In this paper, 11 different tissue-mimicking breast phantoms based on cheap, easy to handle and safe components were produced and characterized, both dielectrically and mechanically. Phantoms made by deionized water, sunflower oil, common dishwashing liquid and gelatin were considered. Three samples from each phantom were derived and tested. The dielectric properties of the phantoms were measured up to 14 GHz and then the Cole–Cole parameters were derived to allow the dielectric comparison up to 50 GHz with human breast ex-vivo tissues. The mechanical characteristics of all phantoms were measured by means of an unconfined compression test. The impact of preload and test speed on mechanical properties of the biological samples was analysed. The results were compared with those reported in literature and the dependence of the mechanical properties on the experimental conditions was assessed. In addition, we computed the mechanical contrasts between phantoms mimicking both healthy and malignant tissues, and we showed that, even if our results are in line with literature as the same order of magnitude is achieved, a direct comparison is not feasible due to unpecified experimental conditions in literature.
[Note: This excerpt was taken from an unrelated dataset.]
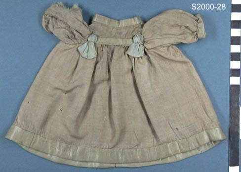 Jurk van beige zijde, kort model met pofmouwen met m...
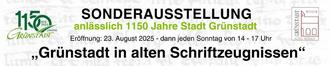 Anlässlich des Stadtjubiläums „1150 Jahre Grünstadt“ hat der Altertumsverein Grünstadt-Leiningerland e. V. eine Sonderausstellung konzipiert, die am Samstag, den 23. August um 15 Uhr mit einer offiziellen Feierstunde im Museum im Alten Rathaus eröffnet wird.

Therefore, in this paper, analysing for the first time an high number of oil-in-gelatin breast phantoms, we evaluated the impact of the experimental conditions on the mechanical properties of biological samples, stressing the importance of considering these parameters for a reliable mechanical characterisation of semi-solid biological samples. From this work, we can conclude that the higher is the phantom gelatin percentage the higher is the impact of the preload on its measured mechanical properties, while the test speed has no impact on the measured Young's modulus of the produced phantoms regardless of the gelatin percentage involved in the mixture; therefore, an high attention has to be paid to these parameters during the mechanical characterization of oil-in-gelatin tissue-mimicking breast phantoms. In addition, by this high number of tests, we provided also the bimodal characterization of phantoms to be possibly used for imaging purposes.